___ The records ___

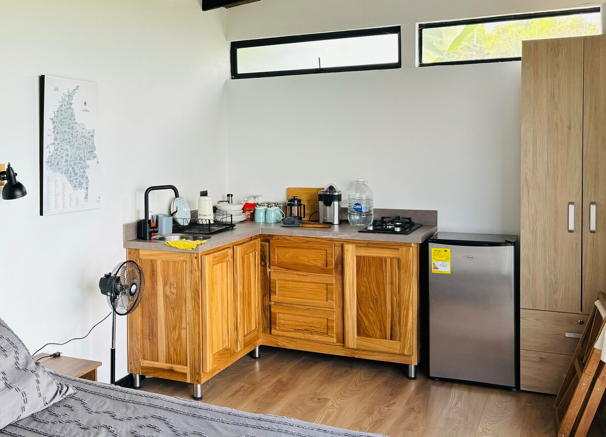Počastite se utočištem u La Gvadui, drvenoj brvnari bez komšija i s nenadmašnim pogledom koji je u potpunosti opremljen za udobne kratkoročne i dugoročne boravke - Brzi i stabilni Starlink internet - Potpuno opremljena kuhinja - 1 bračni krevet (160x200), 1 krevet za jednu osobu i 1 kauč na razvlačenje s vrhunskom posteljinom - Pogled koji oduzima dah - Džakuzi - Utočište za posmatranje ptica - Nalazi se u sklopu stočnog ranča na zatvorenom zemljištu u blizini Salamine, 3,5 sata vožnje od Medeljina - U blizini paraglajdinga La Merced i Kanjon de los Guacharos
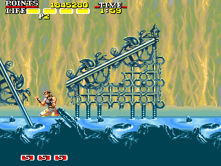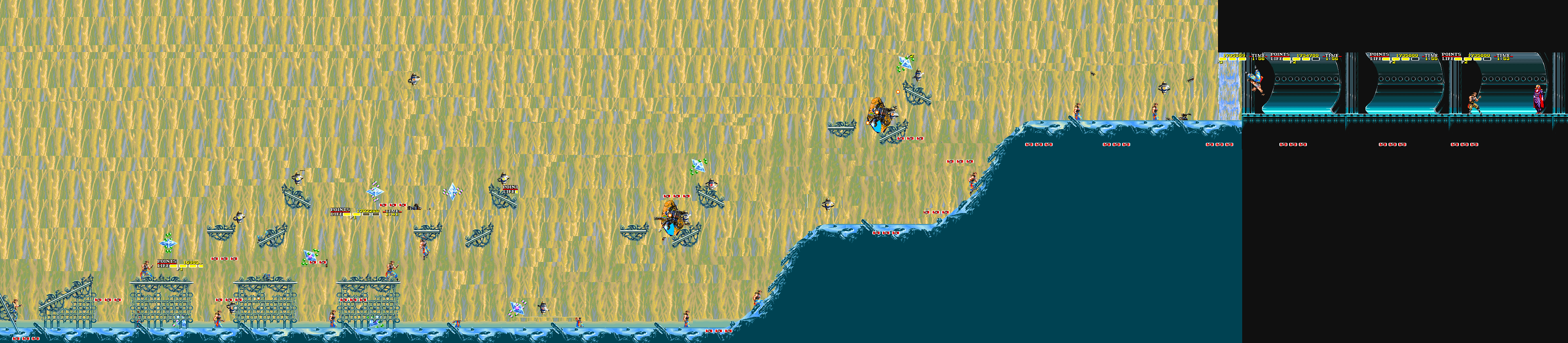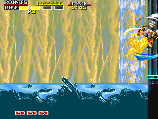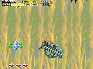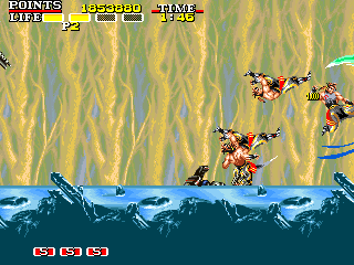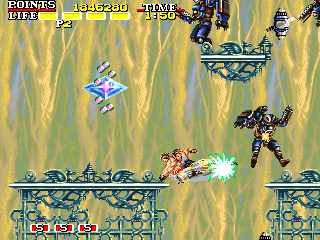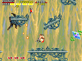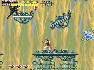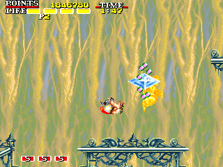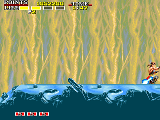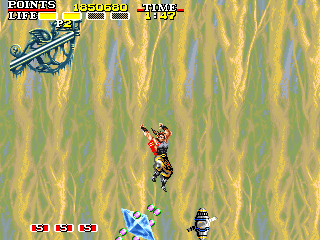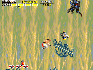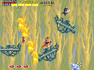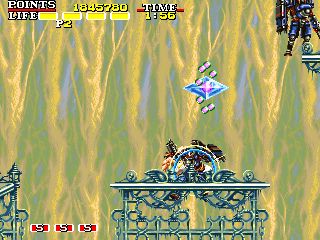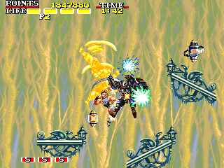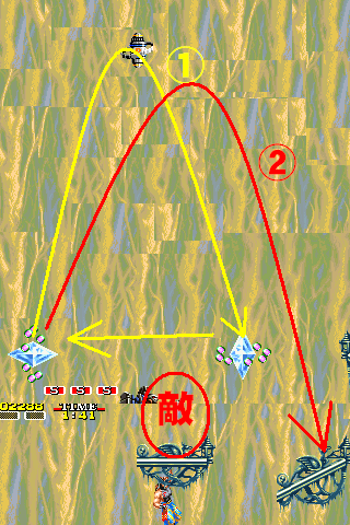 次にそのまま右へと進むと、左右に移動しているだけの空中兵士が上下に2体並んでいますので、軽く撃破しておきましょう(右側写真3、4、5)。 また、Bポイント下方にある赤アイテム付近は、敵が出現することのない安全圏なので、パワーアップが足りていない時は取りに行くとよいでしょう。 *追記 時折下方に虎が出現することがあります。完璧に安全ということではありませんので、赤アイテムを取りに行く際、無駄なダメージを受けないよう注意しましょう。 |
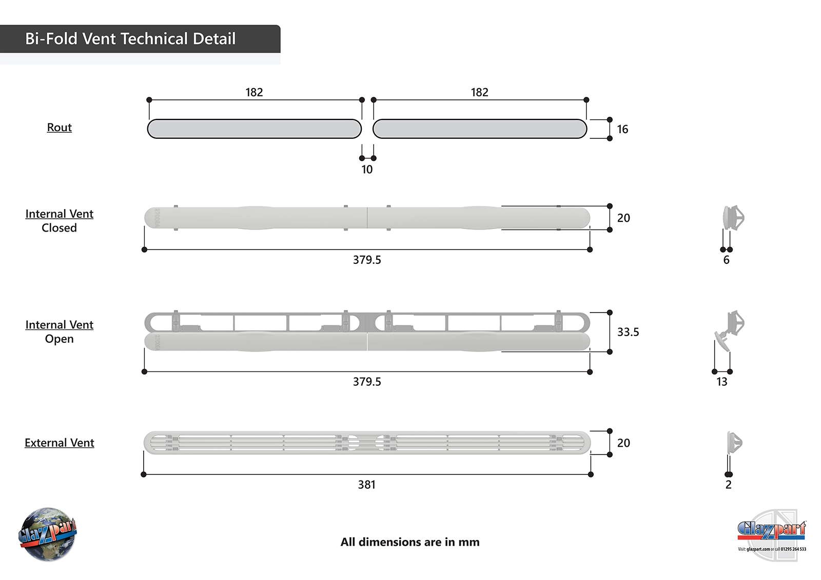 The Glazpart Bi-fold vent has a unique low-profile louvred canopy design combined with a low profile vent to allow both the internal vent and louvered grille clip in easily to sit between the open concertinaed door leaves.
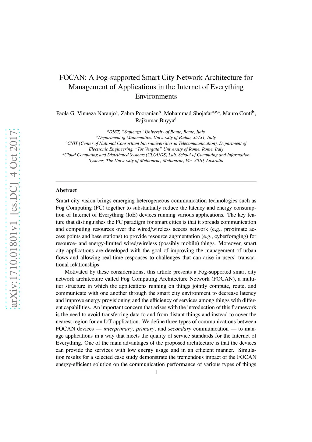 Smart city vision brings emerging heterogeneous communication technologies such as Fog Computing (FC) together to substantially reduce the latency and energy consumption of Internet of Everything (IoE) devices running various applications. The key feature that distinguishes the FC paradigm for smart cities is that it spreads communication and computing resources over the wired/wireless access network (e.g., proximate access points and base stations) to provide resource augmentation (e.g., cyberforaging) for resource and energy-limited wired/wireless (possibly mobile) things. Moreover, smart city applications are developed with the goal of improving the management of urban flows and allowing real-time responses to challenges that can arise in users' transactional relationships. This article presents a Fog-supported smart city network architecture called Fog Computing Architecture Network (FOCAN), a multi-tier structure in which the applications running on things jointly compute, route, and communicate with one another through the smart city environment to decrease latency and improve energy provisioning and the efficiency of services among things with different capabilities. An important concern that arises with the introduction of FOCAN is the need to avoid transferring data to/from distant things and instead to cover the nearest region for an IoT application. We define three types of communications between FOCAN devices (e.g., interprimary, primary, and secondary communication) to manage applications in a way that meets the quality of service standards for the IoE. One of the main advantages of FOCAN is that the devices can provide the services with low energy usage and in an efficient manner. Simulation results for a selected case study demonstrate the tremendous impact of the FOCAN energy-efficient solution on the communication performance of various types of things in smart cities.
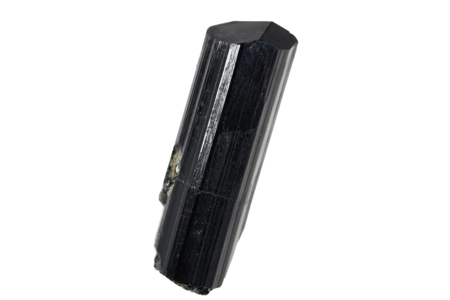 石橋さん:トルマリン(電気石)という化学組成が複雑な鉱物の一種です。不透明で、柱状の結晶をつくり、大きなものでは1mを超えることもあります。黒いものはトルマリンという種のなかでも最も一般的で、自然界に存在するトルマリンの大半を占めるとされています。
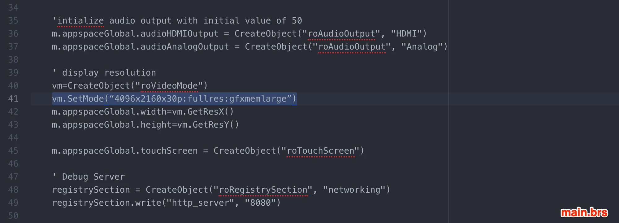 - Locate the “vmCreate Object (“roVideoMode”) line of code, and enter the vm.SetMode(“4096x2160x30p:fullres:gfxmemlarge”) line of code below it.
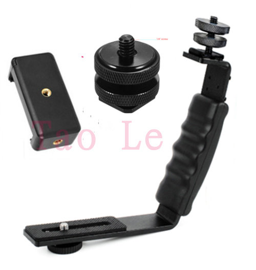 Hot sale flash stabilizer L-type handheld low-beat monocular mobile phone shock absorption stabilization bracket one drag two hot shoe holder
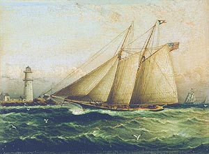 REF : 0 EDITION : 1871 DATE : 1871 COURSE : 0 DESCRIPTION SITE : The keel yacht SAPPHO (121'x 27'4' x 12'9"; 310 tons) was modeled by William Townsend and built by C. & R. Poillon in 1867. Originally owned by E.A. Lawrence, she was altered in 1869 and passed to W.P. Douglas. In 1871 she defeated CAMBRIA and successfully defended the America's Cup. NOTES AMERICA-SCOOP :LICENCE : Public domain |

___
___ The records ___

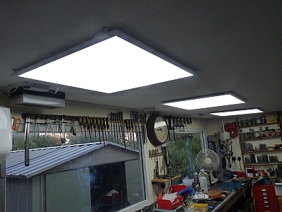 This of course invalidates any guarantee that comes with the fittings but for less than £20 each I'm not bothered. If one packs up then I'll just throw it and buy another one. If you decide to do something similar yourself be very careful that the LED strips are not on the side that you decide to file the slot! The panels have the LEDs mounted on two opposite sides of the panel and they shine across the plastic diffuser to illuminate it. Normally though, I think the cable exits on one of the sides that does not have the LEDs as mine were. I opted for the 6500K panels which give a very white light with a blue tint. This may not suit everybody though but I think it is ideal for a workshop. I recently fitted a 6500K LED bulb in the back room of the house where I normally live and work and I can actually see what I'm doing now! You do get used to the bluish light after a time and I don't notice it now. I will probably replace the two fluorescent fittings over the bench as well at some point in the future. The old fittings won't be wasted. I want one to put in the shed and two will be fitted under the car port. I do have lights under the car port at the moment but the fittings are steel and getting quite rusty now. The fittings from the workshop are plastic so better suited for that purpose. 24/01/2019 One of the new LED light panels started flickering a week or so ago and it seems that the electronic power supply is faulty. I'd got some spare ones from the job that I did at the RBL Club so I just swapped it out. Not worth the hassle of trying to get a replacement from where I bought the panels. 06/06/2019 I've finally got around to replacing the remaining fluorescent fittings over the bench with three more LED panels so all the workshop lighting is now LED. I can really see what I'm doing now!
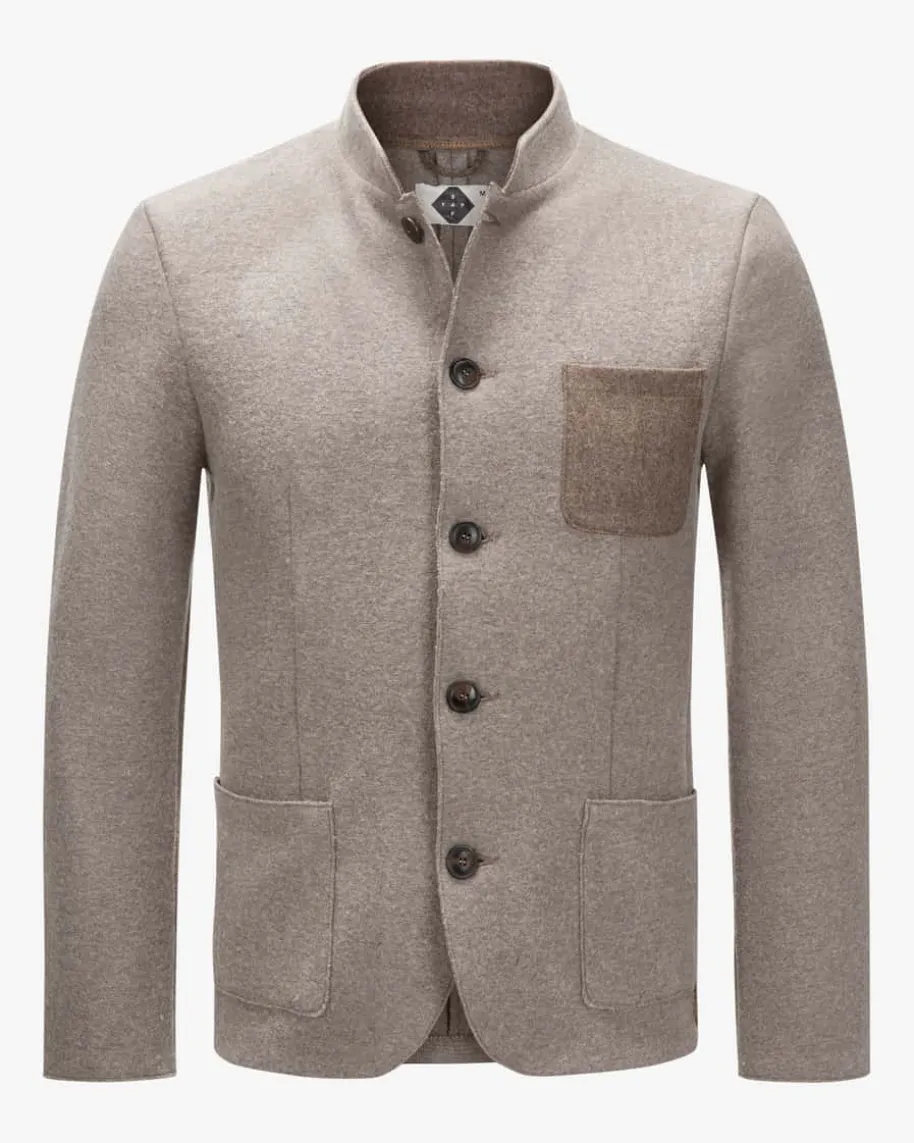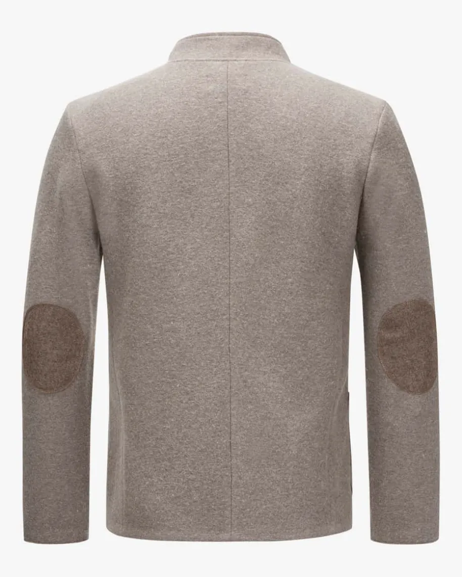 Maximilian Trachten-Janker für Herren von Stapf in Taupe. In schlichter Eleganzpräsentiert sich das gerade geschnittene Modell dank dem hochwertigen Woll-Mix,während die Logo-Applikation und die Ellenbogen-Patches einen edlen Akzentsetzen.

___
___ The records ___

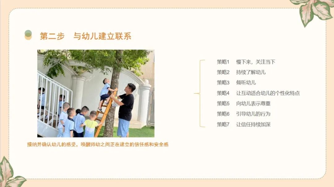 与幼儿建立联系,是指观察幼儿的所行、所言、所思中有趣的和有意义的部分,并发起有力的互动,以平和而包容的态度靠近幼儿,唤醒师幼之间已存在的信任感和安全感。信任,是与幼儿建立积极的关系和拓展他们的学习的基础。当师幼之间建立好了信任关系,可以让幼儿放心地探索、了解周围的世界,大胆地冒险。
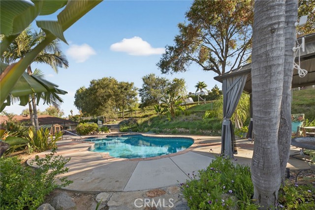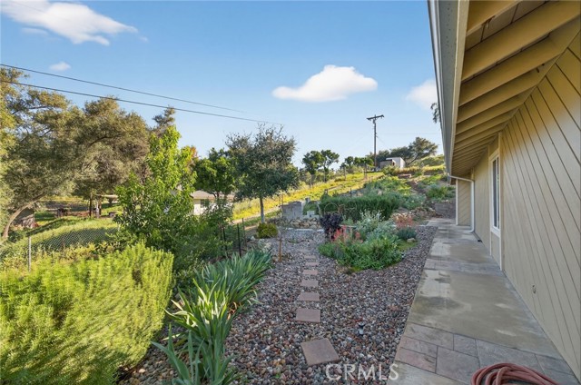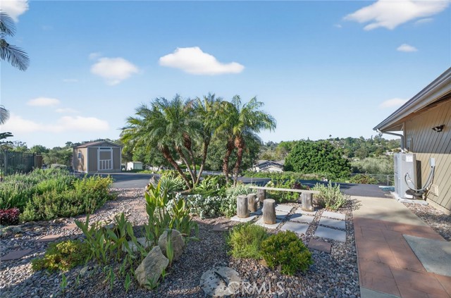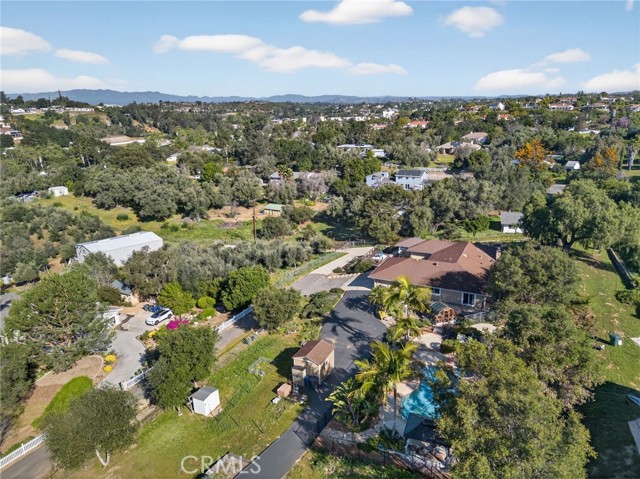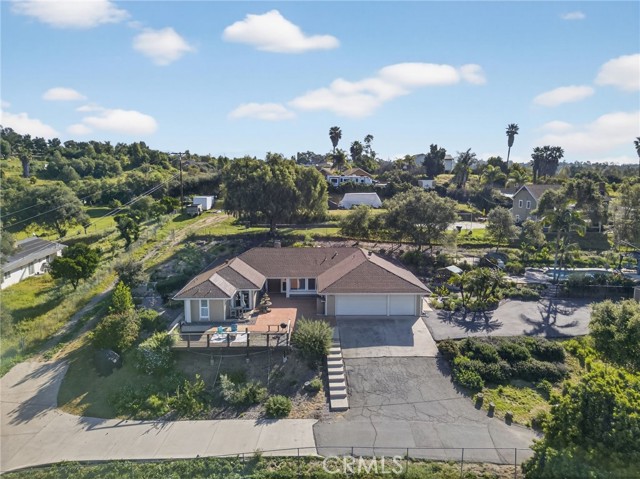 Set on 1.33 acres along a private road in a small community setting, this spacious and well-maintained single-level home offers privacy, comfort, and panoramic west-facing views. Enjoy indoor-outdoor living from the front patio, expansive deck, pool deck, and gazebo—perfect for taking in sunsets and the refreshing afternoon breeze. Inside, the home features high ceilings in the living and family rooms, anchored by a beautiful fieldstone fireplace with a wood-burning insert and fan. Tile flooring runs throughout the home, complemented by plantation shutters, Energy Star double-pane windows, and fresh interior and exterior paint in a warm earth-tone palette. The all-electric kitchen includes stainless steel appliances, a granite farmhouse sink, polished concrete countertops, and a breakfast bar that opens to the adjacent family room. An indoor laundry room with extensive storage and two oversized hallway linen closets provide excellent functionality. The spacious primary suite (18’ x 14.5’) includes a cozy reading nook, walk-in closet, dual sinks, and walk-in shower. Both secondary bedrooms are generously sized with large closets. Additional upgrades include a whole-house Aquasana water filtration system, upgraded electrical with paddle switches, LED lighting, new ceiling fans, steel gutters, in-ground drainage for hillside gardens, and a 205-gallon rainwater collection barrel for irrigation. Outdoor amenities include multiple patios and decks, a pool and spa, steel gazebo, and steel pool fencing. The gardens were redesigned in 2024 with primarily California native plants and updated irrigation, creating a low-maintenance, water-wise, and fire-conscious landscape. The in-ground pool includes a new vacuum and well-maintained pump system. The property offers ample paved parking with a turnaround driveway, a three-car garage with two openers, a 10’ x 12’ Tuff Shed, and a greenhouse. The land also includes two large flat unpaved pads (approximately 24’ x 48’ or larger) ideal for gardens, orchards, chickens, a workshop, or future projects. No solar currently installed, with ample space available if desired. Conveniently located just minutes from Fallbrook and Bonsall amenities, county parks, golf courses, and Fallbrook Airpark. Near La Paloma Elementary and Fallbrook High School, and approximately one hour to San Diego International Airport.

___

The task — Look above for the line with "Hot sale flash" and copy exactly from it through the line with "REF : 0 EDITION", both included. Omit the pictures.

Output —
 Hot sale flash stabilizer L-type handheld low-beat monocular mobile phone shock absorption stabilization bracket one drag two hot shoe holder
 REF : 0 EDITION : 1871 DATE : 1871 COURSE : 0 DESCRIPTION SITE : The keel yacht SAPPHO (121'x 27'4' x 12'9"; 310 tons) was modeled by William Townsend and built by C. & R. Poillon in 1867. Originally owned by E.A. Lawrence, she was altered in 1869 and passed to W.P. Douglas. In 1871 she defeated CAMBRIA and successfully defended the America's Cup. NOTES AMERICA-SCOOP :LICENCE : Public domain |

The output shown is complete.